A garda who was present at the port when the two adults arrived with the young child testified in court. 

She told the judge that she had been conducting immigration checks in the port ten days prior, when she encountered a man and a woman.

She said the man presented a driving licence by way of identification and was let through immigration, however while he was entering, the garda noticed that he was trying to push through a buggy with a young child in it.

She said a woman appeared to be assisting him in getting the child off the ferry. 

The woman also provided a driver’s licence, but the garda was not satisfied with the authenticity of the ID. 

She told the court that the man claimed to be the child’s grandfather, and presented a letter which he claimed was from the child’s mother, granting permission for her to travel to Ireland with him. 

The garda had noticed, however, that the child was calling the woman with the man ‘mammy’. The woman said this was because she had formed a bond with the child on the journey over, the garda told the court. 

She would later identify herself as the child’s mother, but has not to date, according to the report, produced any documentation to evidence the relationship or her own identity. 

The garda was not satisfied with the explanation around the child’s custody, and invoked the emergency powers of the Child Care Act, whereby in the event that a garda believes there is an immediate risk to a child, they can remove them to safety. 

The garda told the court that food was provided to the adults and the child, and that the child slept for a few hours. 

The officer said the woman “just got up and left the child”, and had not been back in contact with gardaí since. A social worker said that, after they became involved in the child’s case, the woman did enquire after the child’s well-being once, and cancelled two arranged meetings. 
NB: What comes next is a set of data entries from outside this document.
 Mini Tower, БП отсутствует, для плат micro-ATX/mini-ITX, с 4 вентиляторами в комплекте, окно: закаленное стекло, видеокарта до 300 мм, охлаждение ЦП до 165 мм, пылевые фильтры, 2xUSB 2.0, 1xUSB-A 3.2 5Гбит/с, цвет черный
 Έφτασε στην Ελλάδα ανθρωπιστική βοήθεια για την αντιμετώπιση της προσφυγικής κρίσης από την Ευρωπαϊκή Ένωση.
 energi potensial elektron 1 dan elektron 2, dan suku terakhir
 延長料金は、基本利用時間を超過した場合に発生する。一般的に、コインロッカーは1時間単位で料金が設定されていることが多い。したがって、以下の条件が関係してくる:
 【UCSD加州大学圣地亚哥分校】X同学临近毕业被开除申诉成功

A garda inspector also appeared in court. He said that the child’s case had come to his attention during the previous week and that a member of his team had notified Tusla. 

The inspector said he travelled to see the man who had arrived in Ireland with the child, who claimed to be her grandfather, at a location outside of Dublin where the man was residing, and that the woman was with him at that time. 
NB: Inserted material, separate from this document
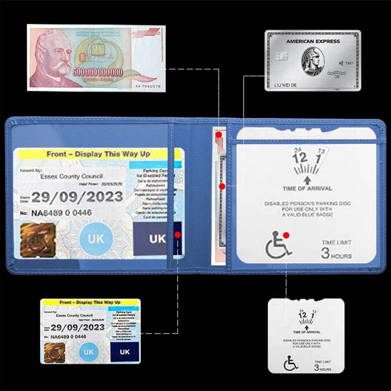 AWAVM Disabled Badge Holder Wallet for Car Blue Badge Soft PU Leather Protector Disability Parking Permit Protective Cover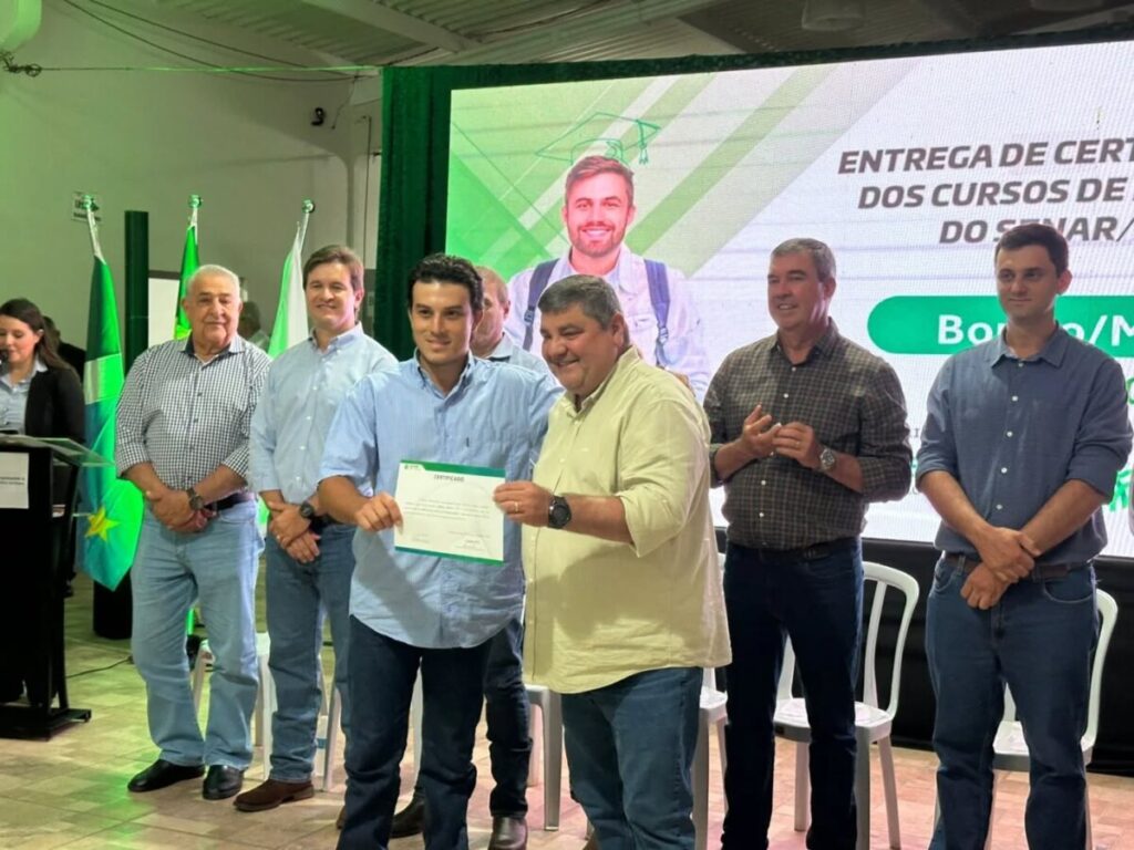 Durante a cerimônia, foram entregues certificados dos cursos de Formação Profissional Rural e Promoção Social do Senar-MS, valorizando a qualificação e o desenvolvimento das famílias do campo. A nova diretoria inicia o mandato com o desafio de manter o sindicato como referência na defesa do produtor rural e no fortalecimento do agro como pilar essencial do crescimento sustentável de Bonito.

The garda inspector told the court that the story provided about why the woman initially did not claim to be the child’s mother but later did, “did not make sense”. 

He said both the man and the woman provided DNA samples which would be tested in due course. 
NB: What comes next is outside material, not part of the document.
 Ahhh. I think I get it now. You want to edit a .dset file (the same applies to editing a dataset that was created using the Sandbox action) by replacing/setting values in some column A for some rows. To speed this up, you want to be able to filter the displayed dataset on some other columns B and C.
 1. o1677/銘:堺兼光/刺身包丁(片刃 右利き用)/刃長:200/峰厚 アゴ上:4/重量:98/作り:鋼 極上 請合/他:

The child’s allocated social workers appeared before the court and said that the child had settled into her emergency care placement well. The child was moved to a second placement after the first few days, and also settled in well there, according to the social worker. 

The social worker said that UK social services were in contact with the child’s father and grandparents, who appeared to be concerned. 

The judge in court was satisfied that the suspicions and professional concerns raised justified the use of emergency powers in this case, and that they had been invoked correctly. 

He said that he held concerns about the identity of the child and her parents.

The judge granted a short interim care order until the end of the week. He also ordered that a guardian ad litem be appointed to represent the child’s interests.